What the exercise asks » These records contain pictures, which must be left out; copy exactly the lines from the one with "消費(fèi)者購買企業(y" up to and including the one with "70% 和 80%,都沒有達到兩者極限。".

Dataset records »
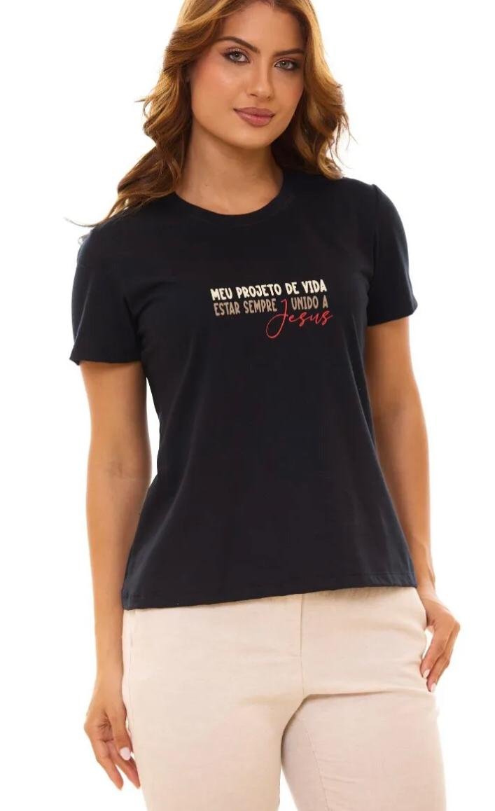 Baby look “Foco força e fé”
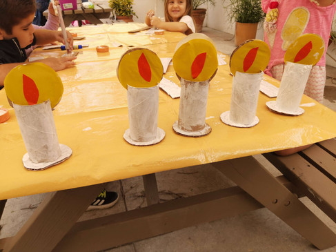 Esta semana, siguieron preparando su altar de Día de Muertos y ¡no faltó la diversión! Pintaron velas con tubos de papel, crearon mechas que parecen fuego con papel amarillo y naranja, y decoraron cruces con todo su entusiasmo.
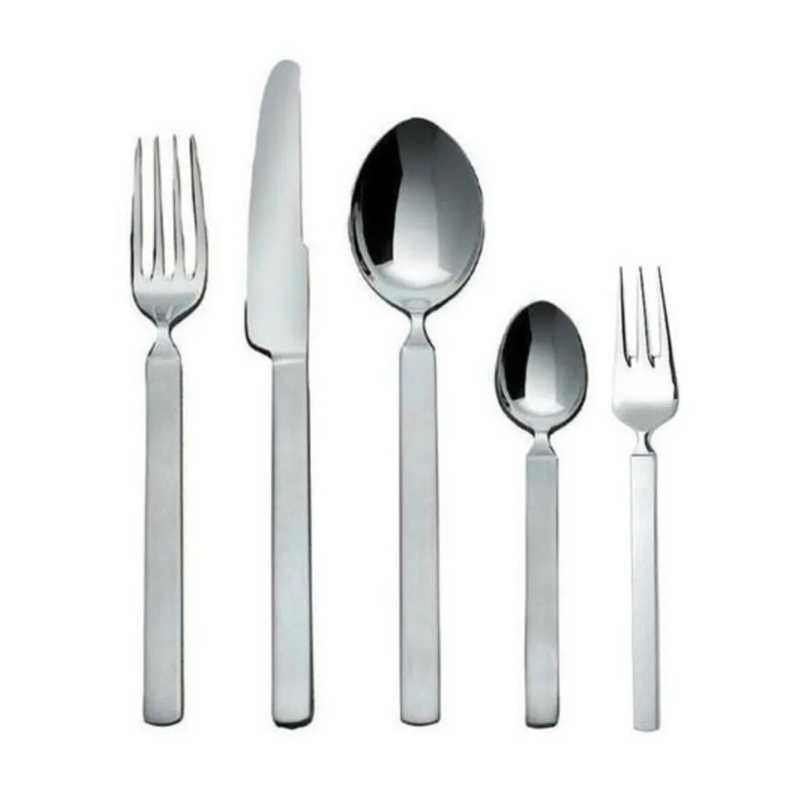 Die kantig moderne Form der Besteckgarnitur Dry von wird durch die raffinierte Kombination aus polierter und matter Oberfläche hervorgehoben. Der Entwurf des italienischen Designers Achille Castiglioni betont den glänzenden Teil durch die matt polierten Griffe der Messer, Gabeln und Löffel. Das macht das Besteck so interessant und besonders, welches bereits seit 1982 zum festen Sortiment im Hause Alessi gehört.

--

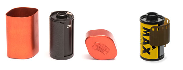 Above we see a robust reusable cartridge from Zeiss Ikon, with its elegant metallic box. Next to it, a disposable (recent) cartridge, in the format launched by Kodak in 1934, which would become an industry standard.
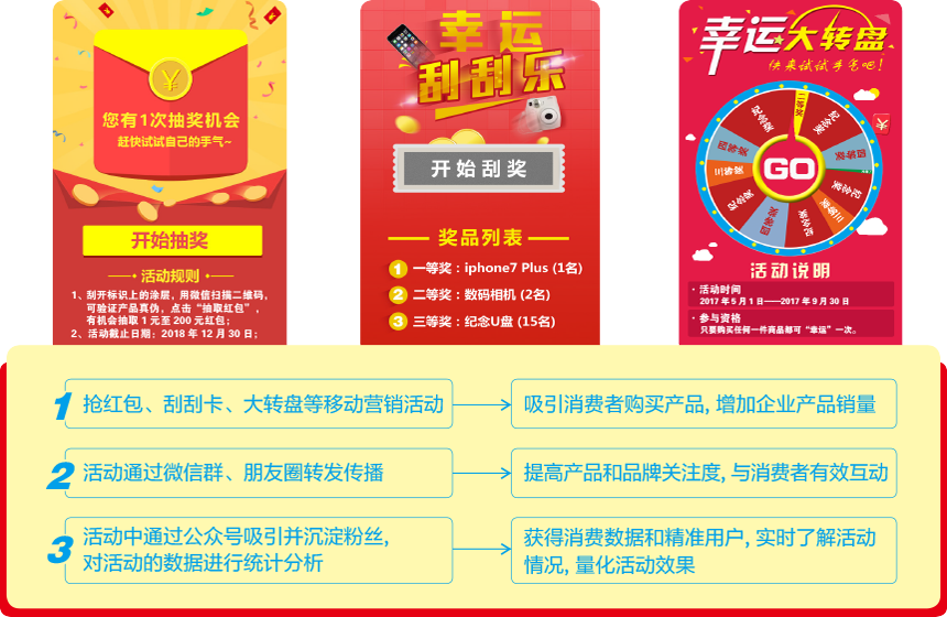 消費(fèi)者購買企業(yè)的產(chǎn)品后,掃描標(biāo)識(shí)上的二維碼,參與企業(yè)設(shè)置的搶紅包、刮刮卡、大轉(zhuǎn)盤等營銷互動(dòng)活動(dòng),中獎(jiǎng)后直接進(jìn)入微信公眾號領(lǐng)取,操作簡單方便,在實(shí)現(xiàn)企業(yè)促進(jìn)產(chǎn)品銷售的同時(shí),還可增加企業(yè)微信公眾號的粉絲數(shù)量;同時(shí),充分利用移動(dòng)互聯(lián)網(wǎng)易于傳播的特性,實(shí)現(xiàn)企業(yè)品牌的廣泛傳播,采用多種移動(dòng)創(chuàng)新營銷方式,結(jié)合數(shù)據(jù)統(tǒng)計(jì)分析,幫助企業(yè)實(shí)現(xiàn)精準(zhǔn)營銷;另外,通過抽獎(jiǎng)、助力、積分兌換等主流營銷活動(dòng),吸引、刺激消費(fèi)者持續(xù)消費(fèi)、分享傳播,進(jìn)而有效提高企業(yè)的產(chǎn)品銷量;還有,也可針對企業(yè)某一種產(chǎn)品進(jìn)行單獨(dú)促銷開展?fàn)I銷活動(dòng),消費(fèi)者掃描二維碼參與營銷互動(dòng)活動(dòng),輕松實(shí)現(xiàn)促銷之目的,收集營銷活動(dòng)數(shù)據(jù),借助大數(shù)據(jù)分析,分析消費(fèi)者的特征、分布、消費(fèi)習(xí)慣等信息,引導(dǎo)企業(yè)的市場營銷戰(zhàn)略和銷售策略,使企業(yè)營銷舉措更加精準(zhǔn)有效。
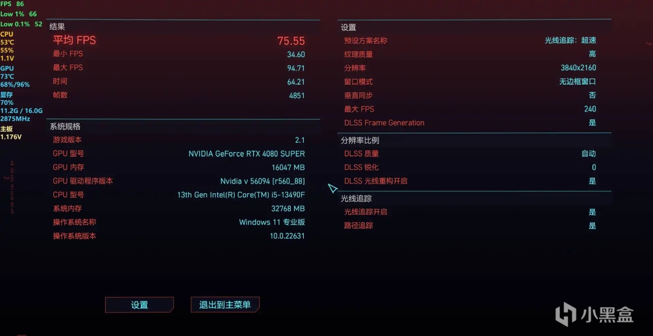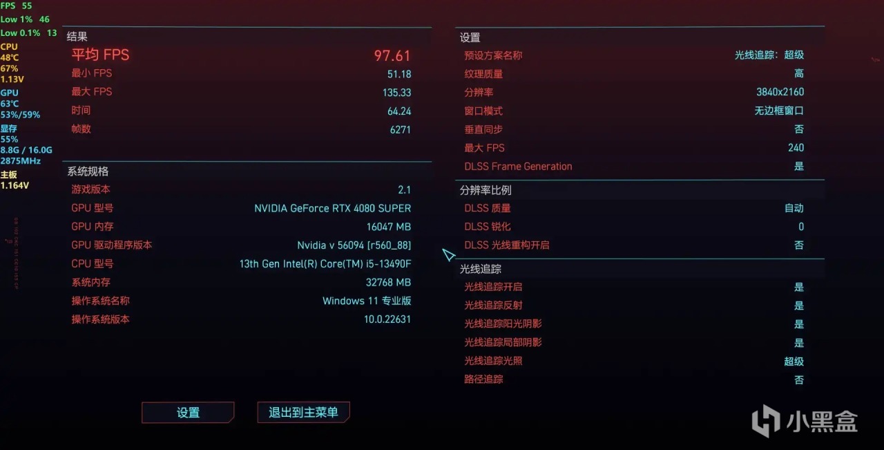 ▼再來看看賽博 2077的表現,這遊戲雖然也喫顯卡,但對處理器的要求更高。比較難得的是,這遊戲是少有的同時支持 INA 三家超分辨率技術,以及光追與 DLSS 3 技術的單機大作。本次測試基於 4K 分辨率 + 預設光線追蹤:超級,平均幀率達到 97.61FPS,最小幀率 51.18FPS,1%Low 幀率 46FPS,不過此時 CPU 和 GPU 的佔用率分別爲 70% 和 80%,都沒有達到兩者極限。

Answer to this task »
 消費(fèi)者購買企業(yè)的產(chǎn)品后,掃描標(biāo)識(shí)上的二維碼,參與企業(yè)設(shè)置的搶紅包、刮刮卡、大轉(zhuǎn)盤等營銷互動(dòng)活動(dòng),中獎(jiǎng)后直接進(jìn)入微信公眾號領(lǐng)取,操作簡單方便,在實(shí)現(xiàn)企業(yè)促進(jìn)產(chǎn)品銷售的同時(shí),還可增加企業(yè)微信公眾號的粉絲數(shù)量;同時(shí),充分利用移動(dòng)互聯(lián)網(wǎng)易于傳播的特性,實(shí)現(xiàn)企業(yè)品牌的廣泛傳播,采用多種移動(dòng)創(chuàng)新營銷方式,結(jié)合數(shù)據(jù)統(tǒng)計(jì)分析,幫助企業(yè)實(shí)現(xiàn)精準(zhǔn)營銷;另外,通過抽獎(jiǎng)、助力、積分兌換等主流營銷活動(dòng),吸引、刺激消費(fèi)者持續(xù)消費(fèi)、分享傳播,進(jìn)而有效提高企業(yè)的產(chǎn)品銷量;還有,也可針對企業(yè)某一種產(chǎn)品進(jìn)行單獨(dú)促銷開展?fàn)I銷活動(dòng),消費(fèi)者掃描二維碼參與營銷互動(dòng)活動(dòng),輕松實(shí)現(xiàn)促銷之目的,收集營銷活動(dòng)數(shù)據(jù),借助大數(shù)據(jù)分析,分析消費(fèi)者的特征、分布、消費(fèi)習(xí)慣等信息,引導(dǎo)企業(yè)的市場營銷戰(zhàn)略和銷售策略,使企業(yè)營銷舉措更加精準(zhǔn)有效。
 ▼再來看看賽博 2077的表現,這遊戲雖然也喫顯卡,但對處理器的要求更高。比較難得的是,這遊戲是少有的同時支持 INA 三家超分辨率技術,以及光追與 DLSS 3 技術的單機大作。本次測試基於 4K 分辨率 + 預設光線追蹤:超級,平均幀率達到 97.61FPS,最小幀率 51.18FPS,1%Low 幀率 46FPS,不過此時 CPU 和 GPU 的佔用率分別爲 70% 和 80%,都沒有達到兩者極限。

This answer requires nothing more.